De toute évidence, l’alliance [...] entre Mouvement Montréal et Ralliement pour Montréal ressemble davantage à une prise en charge [qu'à] une fusion.

Une citation de :Jean-Pierre Boivin, candidat au poste de conseiller d'arrondissement dans le district Champlain–L'Île-des-Soeurs

M. Boivin affirme sentir une grande déception de la part des résidents de son secteur par rapport à la déclaration inattendue et inacceptable de M. Holness. Ils en sont même choqués, allègue-t-il.

Ne pouvant souscrire à une politique visant à affaiblir la place du français à Montréal, M. Boivin fera dorénavant campagne à titre d'indépendant. La période de mise en candidature étant terminée, le nom de son ancien parti figurera malgré tout sur le bulletin de vote que devront remplir les électeurs.

En entrevue à Métro le jour de l'annonce de la fusion de Mouvement Montréal et Ralliement pour Montréal, M. Boivin avait confié avoir été surpris par la nouvelle.
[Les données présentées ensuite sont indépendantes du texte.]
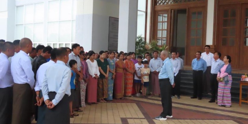 On 19th April, Union Minister for Religious Affairs and Culture U Tin Oo Lwin accompanied by Deputy Ministers and concerned officials visited the temporary shelters opened at Tabaung Ground in Pobbathiri Township, National Museum (Nay Pyi Taw), Office No.35 of the Ministry of Religious Affairs and Culture and Yan Aung Myin Shwe Lat Hla pagoda in Dekkinathiri Township where the earthquake affected staff under the ministry are being accommodated.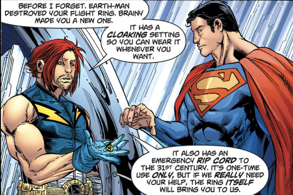 In the Retroboot, the Legion was railroaded into disbanding by the increasingly corrupt and xenophobic government on Earth. Those who were not captured went underground. Saturn Girl and Lightning Lad stepped up to fight this existential enemy: Earth-Man and his "Justice League of Earth." While a team of Legionnaires sought help from Superman in the 21st century, Garth, Imra and Rokk were captured by Earth-Man's forces. (Action Comics #859) With Superman's help, Earth-Man was brought to heel. (#861–863)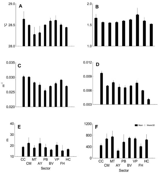 The mean of AVE SST was 28.5 °C (SD 0.16), and the mean of SD SST was 1.6 °C (SD 0.09), with little variability among sectors in both cases (Figure 6A,B). The means of AVE KD490 and SD KD490 were variable among sectors (Figure 6C,D), with values of 0.03 m−1 (SD 0.001) and 0.007 m−1 (SD 0.001). The working depth varied between 12 and 30 m (Figure 6E), and the sites distanced from the shore between 165 and 1058 m (Figure 6F).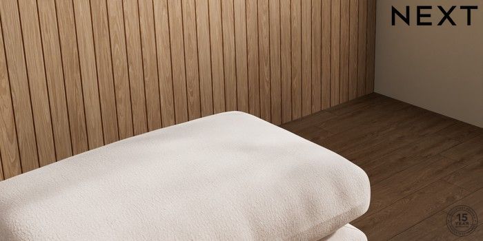 6.12.1 Buy Orlo Relaxed Sit Footstool Relaxed Linen Look Mid Natural Retro Tapered - Dark from the Next UK online shop Click here to use our accessible website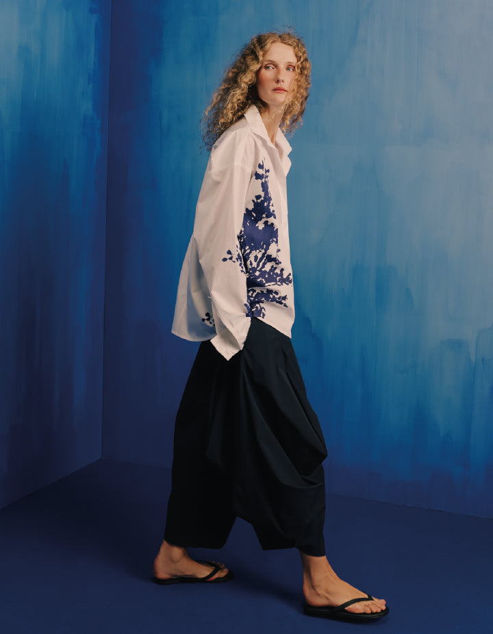 Maria Elena Villamil’s aesthetic is defined by sculptural lines, refined simplicity, and a deep connection to art, nature, and architecture. From this vision emerges Castaños en Flor FW '25, a collection inspired by Impressionist gardens and their textured brushstrokes. Soft contrasts and atmospheric prints shape a quiet, contemporary harmony.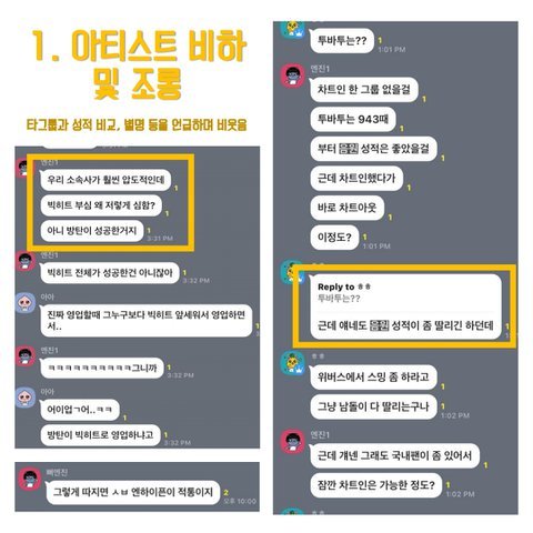 모안데 우리는 본체만 안건드리면 진짜 조용하게 넘어가 저번에 조합명 문제있었을때, 멤버 별명 문제 있었을때,표절논란있었을때 셋 상황 다 우리가 피해보는 입장이었지만 멤버들을 건드리진 않았고 괜히 일 크게 벌려봤자 별로 좋을일은 없으니까 팬들끼리 그냥 해결하고 그날 하루도 아니고 반나절 마플타고 끝났어 근데 이번은 진짜 참다참다 폭발한거고 본체도 건드렸잖아 사실 우리 이번에도 그냥 사과문만 받자는 의견이 더 많았어 근데 계속 이렇게하다간 우리 피해만 더 입을거라고,이런적이 한두번이 아니니까 이젠 공론화해야한다,본체를 건드렸는데 우리만 사과받으면 다냐 이런말 나와서 3시간동안 공론화 할까 말까 회의하다가 결국 공론화하기로 한거고 베댓내용도 최대한 감정 배제하고 객관적으로 쓴거야 우리는 진짜 본체만 안 건드리면 웬만하면 그냥 넘어가 근데 이번은 진짜 선을 넘어서 그래

Il s'était toutefois réjoui de voir que sa nouvelle formation serait désormais considérée comme un vrai parti aux yeux du grand public.

Outre Jean-Pierre Boivin, Josée Léger (Ensemble Montréal) et Enrique Machado (Projet Montréal) font campagne pour devenir le prochain détenteur du poste de conseiller d'arrondissement no 2 du district Champlain–L'Île-des-Soeurs.

C'est la troisième fois que M. Boivin tente de se faire élire dans ces fonctions. Candidat pour Coalition Montréal en 2013, il a terminé troisième avec 16,6 % des voix. Il a ensuite été battu en 2017 alors qu'il portait les couleurs de Projet Montréal, récoltant cette fois 47,5 % des suffrages.

Une fusion qui dérange

Avant M. Boivin, d'autres candidats déclarés avaient choisi, après mûre réflexion, de ne pas faire campagne pour Mouvement Montréal en raison de la volonté de Balarama Holness de faire de Montréal une ville officiellement bilingue.

Dès le lendemain de l'annonce de la fusion des deux partis, l'ex-conseiller lachinois Jean-François Cloutier et la candidate Brigitte Lamoureux avaient choisi de ne pas poursuivre l'aventure.

Je ne pense pas que la mayonnaise va prendre, avait expliqué M. Cloutier, présenté jusque-là comme le futur président du comité exécutif de Marc-Antoine Desjardins.

La majorité des candidats issus de Ralliement pour Montréal ont toutefois choisi de rester. C'est notamment le cas de la comédienne et militante Patricia Tulasne et de la conseillère d'arrondissement Lili-Anne Tremblay, qui brigue maintenant la mairie d'arrondissement de Saint-Léonard.

À la fin de la période de mises en candidature, Mouvement Montréal comptait 74 candidats en lice dans les 19 arrondissements de Montréal. Depuis, ce total est passé à 73, puisque Katchik Ebruchumian, qui briguait le poste de conseiller d'arrondissement dans le district de Robert-Bourassa (Outremont), s'est désisté.